As soon as Phil finished, Mary Akeley cut in. She was through sewing clothes and had begun to put them on a relatively bulky doll which Phil recognized as the portrait of Moe Brimstine she'd started on last night. To his amazement, Phil noticed that she was even putting underwear on the doll and slipping almost microscopically tiny objects into its pants pockets with a tiny tweezer.

She said, "Did you happen to find out, Phil, why little old Dr. Romadka kidnapped those three cats of ours?"

Phil explained, as briefly and unsickeningly as he could, what had happened to them.

Mary reached over her shoulder and got the doll that was the image of Dr. Romadka. She fixed on it her witchiest stare.

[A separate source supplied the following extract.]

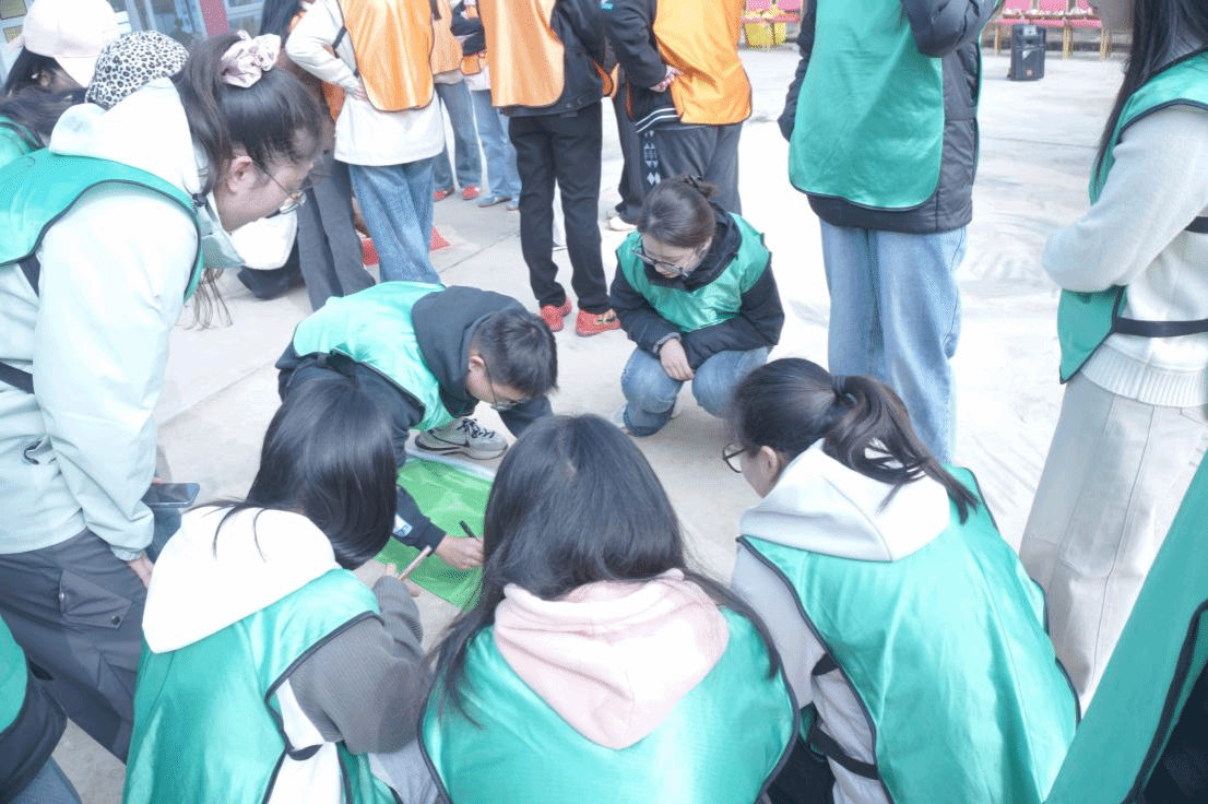 抵达首站老首乌生态园后,上午的活动正式拉开帷幕,通过设置“破冰+团队文化建设”环节,同学们打破隔阂,快速分组并推选队长,共同设计队名、队形、队徽与队歌,在互动中迅速建立信任。随后依次开展“合力筑塔”“极速60秒”“硕果累累”等三大主题项目。“合力筑塔”中,同学们拉紧绳头控制塔钩,统一指挥、分工协作完成模型搭建;“极速60秒”里,大家在规定时间内有序整理数字卡片,锻炼了沟通效率与全局观念;“硕果累累”项目通过竞猜水果的形式,进一步提升了团队应对挑战的能力。

"Slow, slow acid dripped on your forehead," she incanted with a sincerity that sent gooseflesh coursing under Phil's shirt. "And I hope it's days before it gets in your eye. That's the first and mildest of your torments." She picked up the doll she'd been dressing and informed it, "That goes for you, too. After the acid really gets in the first eye, we deviate to other parts of your body. To begin with...."

A sudden cat fight prevented Phil from finding out just how nasty Mary Akeley's imagination could get. Sacheverell separated the five squalling combatants with a few painless but strategic kicks. Then he hitched up his turquoise slacks and said, looking at his wife severely, "Now perhaps we can forget all hates and other dark vibrations and get down to business. Here's the situation, Mr. Gish. Earlier today, Juno overheard her husband Jackie tell Cookie where Billig and Mr. Brimstine are hiding...."

"Just Moe Brimstine," Juno corrected dourly.

"Comes to the same thing," Sacheverell went on. "Now Jackie and Cookie are safely asleep upstairs...."

"Yes," Juno butted in again, "but they're not going to stay that way too much longer."

"Not after what you put in their whiskey?" Sacheverell asked her with a thin smile.